_Your goal_
Starting at the line that contains "割り算プリント10問題はすべ" and stopping at the line that contains "August 19, 2025", transcribe every line of the material below exactly; pictures stay out.

Segment Start: Data supplied

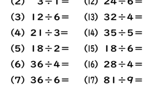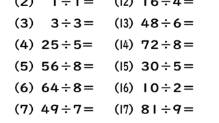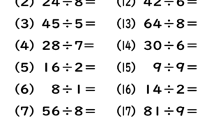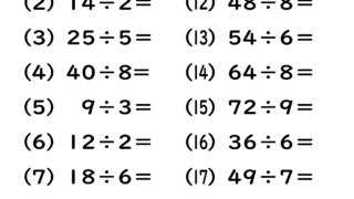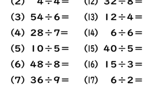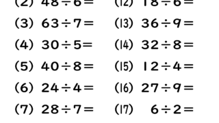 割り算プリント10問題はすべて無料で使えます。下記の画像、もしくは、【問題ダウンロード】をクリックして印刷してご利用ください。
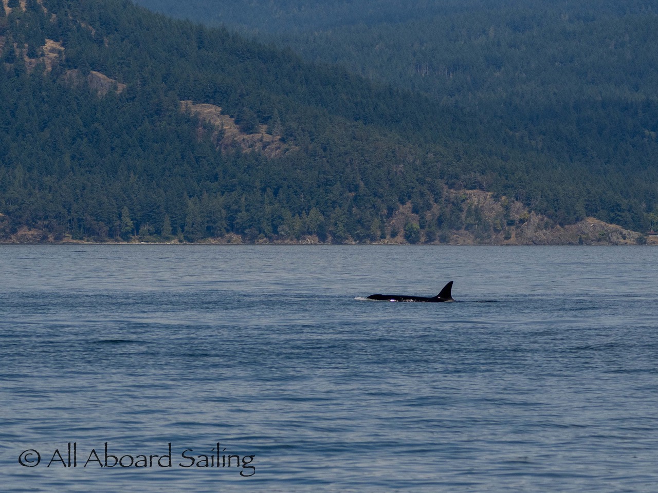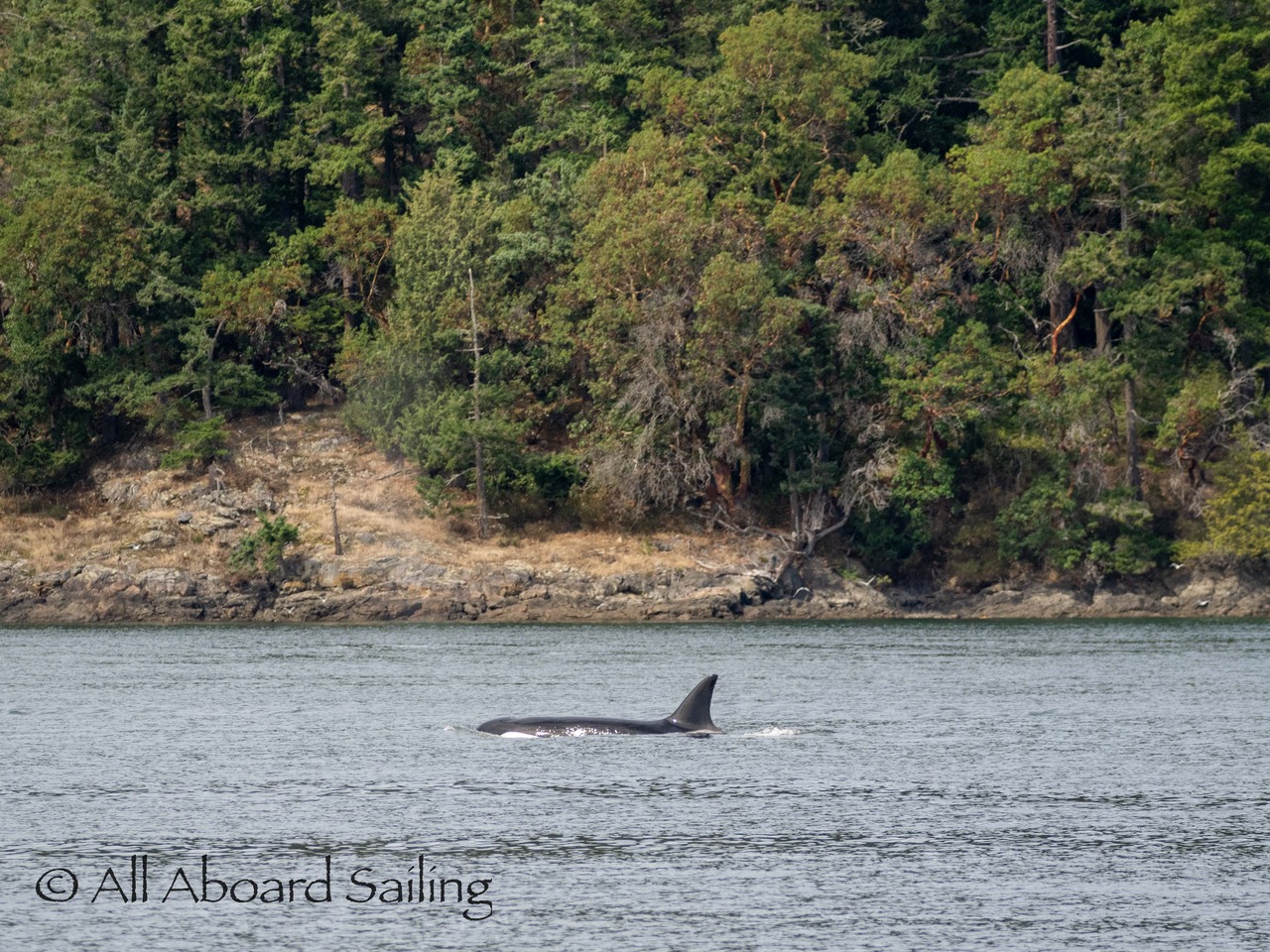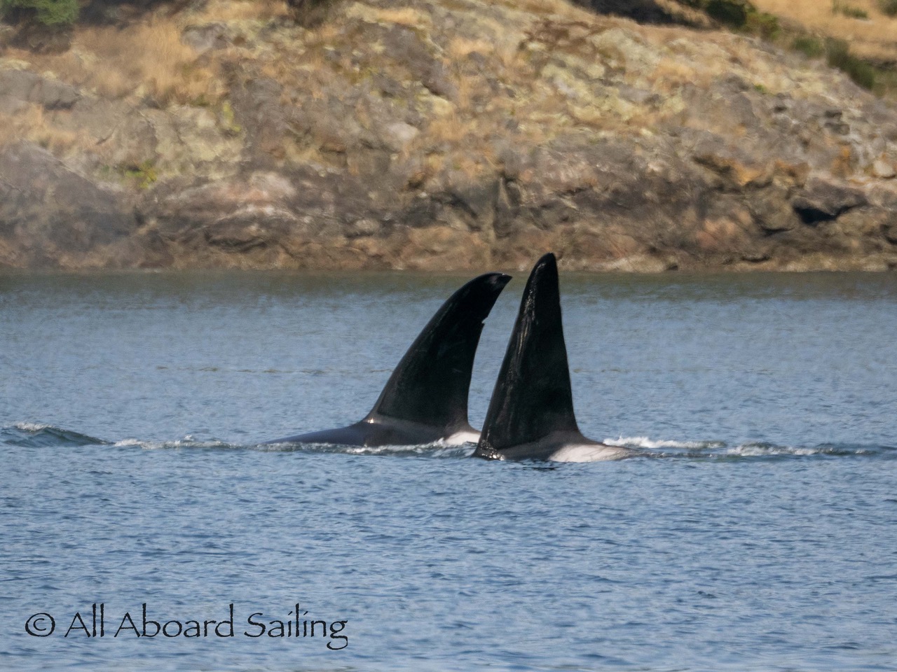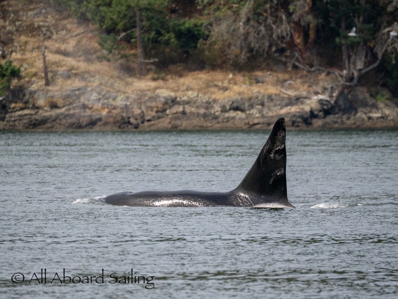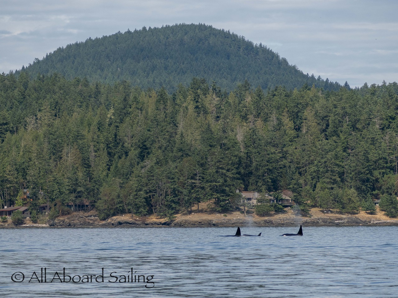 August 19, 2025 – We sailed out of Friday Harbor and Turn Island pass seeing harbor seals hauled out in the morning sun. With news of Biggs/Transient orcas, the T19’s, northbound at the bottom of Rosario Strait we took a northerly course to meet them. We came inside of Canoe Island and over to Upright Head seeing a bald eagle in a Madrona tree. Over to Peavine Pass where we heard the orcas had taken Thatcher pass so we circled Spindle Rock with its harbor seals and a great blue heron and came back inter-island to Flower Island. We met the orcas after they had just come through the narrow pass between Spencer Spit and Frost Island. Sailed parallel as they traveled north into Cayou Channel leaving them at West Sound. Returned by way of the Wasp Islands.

Segment End: Data supplied
Segment Start: Data supplied

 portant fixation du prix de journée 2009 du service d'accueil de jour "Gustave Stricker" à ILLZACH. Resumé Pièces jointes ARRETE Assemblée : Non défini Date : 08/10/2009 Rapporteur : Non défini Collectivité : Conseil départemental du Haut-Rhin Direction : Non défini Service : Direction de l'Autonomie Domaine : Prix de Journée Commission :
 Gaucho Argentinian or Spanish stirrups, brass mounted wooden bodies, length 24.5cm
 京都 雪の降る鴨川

Segment End: Data supplied
Segment Start: Data supplied

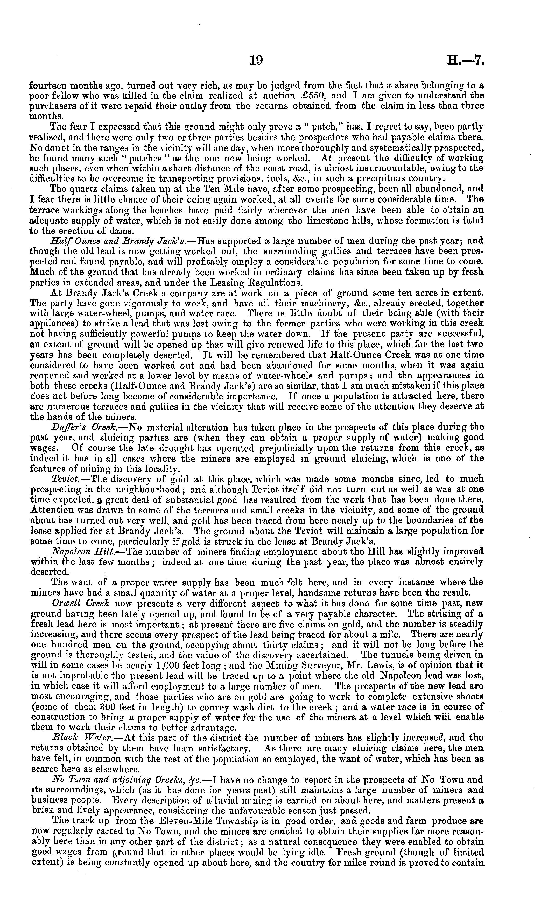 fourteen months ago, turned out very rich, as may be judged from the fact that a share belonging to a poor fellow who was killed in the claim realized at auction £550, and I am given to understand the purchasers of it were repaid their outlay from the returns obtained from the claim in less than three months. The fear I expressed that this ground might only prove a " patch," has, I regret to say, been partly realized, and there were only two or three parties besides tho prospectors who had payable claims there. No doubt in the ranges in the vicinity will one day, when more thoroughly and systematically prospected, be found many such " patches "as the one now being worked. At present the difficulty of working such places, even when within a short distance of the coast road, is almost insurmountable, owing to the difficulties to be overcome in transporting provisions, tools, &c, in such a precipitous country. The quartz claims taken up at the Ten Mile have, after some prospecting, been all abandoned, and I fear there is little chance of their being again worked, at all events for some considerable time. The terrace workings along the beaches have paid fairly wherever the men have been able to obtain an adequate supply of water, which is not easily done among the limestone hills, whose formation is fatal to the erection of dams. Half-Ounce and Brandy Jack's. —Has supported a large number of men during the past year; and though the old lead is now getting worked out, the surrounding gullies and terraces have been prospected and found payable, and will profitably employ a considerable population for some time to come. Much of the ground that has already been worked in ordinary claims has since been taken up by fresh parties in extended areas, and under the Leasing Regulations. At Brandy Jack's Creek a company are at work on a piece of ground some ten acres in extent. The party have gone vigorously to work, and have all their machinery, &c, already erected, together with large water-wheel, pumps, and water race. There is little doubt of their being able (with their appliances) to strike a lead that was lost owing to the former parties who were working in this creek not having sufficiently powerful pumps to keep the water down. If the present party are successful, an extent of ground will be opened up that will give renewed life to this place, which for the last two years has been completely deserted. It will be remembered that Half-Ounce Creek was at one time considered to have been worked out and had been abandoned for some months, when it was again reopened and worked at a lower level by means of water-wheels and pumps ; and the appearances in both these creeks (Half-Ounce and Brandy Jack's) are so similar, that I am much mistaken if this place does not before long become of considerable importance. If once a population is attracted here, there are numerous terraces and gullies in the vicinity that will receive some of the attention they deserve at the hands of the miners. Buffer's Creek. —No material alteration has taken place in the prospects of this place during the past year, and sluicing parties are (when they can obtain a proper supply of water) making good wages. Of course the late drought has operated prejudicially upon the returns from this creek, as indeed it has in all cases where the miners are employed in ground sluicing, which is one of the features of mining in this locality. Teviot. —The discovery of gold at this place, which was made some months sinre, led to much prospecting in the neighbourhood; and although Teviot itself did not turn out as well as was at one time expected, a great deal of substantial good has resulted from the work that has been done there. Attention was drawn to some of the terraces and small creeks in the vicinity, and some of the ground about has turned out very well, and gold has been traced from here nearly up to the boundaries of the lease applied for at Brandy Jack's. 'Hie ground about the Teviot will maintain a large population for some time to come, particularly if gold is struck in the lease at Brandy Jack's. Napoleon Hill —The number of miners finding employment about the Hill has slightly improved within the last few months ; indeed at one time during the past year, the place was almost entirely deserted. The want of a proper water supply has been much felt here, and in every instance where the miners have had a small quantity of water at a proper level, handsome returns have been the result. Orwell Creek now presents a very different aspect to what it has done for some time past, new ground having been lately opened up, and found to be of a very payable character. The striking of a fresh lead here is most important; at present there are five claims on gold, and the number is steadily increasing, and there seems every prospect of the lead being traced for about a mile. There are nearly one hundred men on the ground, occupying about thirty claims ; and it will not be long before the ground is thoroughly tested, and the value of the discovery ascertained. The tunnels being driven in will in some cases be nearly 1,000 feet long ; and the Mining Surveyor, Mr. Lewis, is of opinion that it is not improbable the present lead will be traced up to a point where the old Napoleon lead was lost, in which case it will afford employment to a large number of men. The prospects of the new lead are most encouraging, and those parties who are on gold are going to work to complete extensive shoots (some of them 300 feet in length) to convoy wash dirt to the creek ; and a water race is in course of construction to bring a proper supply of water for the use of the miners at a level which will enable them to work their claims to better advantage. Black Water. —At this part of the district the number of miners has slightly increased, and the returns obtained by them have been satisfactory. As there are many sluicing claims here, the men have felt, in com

Segment End: Data supplied

_Answer to the problem_
 割り算プリント10問題はすべて無料で使えます。下記の画像、もしくは、【問題ダウンロード】をクリックして印刷してご利用ください。
 August 19, 2025 – We sailed out of Friday Harbor and Turn Island pass seeing harbor seals hauled out in the morning sun. With news of Biggs/Transient orcas, the T19’s, northbound at the bottom of Rosario Strait we took a northerly course to meet them. We came inside of Canoe Island and over to Upright Head seeing a bald eagle in a Madrona tree. Over to Peavine Pass where we heard the orcas had taken Thatcher pass so we circled Spindle Rock with its harbor seals and a great blue heron and came back inter-island to Flower Island. We met the orcas after they had just come through the narrow pass between Spencer Spit and Frost Island. Sailed parallel as they traveled north into Cayou Channel leaving them at West Sound. Returned by way of the Wasp Islands.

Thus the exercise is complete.